_Exercise instructions_
Return the lines of the listing below exactly as they appear, beginning at the one with "那么,你的手机和电脑能玩这款" and stopping after the one with "1-1. 카카오맵, 네이버지도, 구글지도의 상세화면 구분"; do not include pictures.

_Material for this exercise_
_ _ _ _

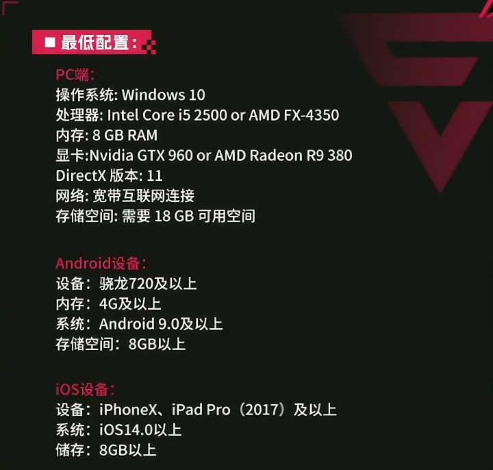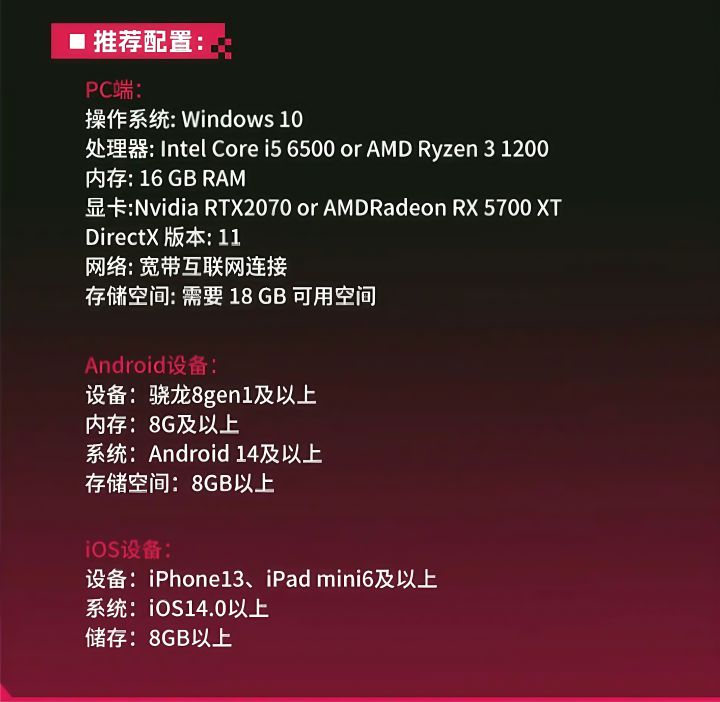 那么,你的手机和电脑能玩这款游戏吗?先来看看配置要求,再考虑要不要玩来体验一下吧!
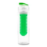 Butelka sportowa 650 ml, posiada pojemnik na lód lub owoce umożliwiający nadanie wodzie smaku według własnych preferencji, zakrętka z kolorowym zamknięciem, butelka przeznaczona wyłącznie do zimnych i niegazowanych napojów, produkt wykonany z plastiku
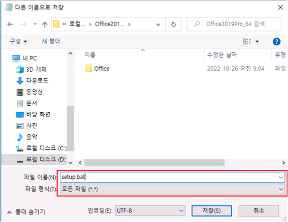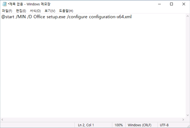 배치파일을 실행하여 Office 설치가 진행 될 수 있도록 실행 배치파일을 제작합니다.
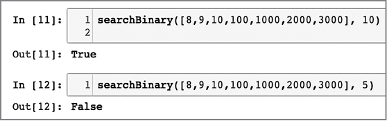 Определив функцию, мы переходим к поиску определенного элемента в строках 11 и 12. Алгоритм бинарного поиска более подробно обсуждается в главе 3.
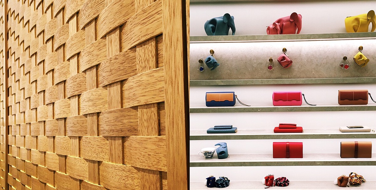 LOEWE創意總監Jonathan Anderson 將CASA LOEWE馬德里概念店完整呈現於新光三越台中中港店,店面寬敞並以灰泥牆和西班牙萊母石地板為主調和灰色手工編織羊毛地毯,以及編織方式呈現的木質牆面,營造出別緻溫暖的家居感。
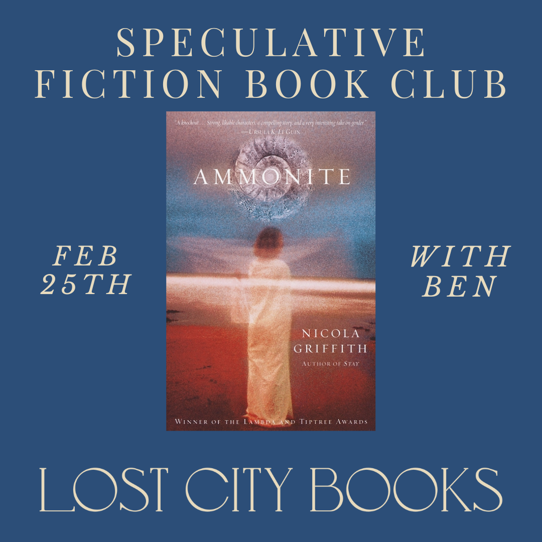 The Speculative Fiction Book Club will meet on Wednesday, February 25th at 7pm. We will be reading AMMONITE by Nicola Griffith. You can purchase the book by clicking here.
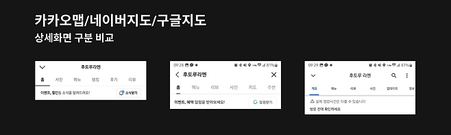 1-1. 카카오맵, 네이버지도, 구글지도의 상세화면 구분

_ _ _ _

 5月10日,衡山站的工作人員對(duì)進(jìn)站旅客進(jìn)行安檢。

_ _ _ _

_Task answer_
 那么,你的手机和电脑能玩这款游戏吗?先来看看配置要求,再考虑要不要玩来体验一下吧!
 Butelka sportowa 650 ml, posiada pojemnik na lód lub owoce umożliwiający nadanie wodzie smaku według własnych preferencji, zakrętka z kolorowym zamknięciem, butelka przeznaczona wyłącznie do zimnych i niegazowanych napojów, produkt wykonany z plastiku
 배치파일을 실행하여 Office 설치가 진행 될 수 있도록 실행 배치파일을 제작합니다.
 Определив функцию, мы переходим к поиску определенного элемента в строках 11 и 12. Алгоритм бинарного поиска более подробно обсуждается в главе 3.
 LOEWE創意總監Jonathan Anderson 將CASA LOEWE馬德里概念店完整呈現於新光三越台中中港店,店面寬敞並以灰泥牆和西班牙萊母石地板為主調和灰色手工編織羊毛地毯,以及編織方式呈現的木質牆面,營造出別緻溫暖的家居感。
 The Speculative Fiction Book Club will meet on Wednesday, February 25th at 7pm. We will be reading AMMONITE by Nicola Griffith. You can purchase the book by clicking here.
 1-1. 카카오맵, 네이버지도, 구글지도의 상세화면 구분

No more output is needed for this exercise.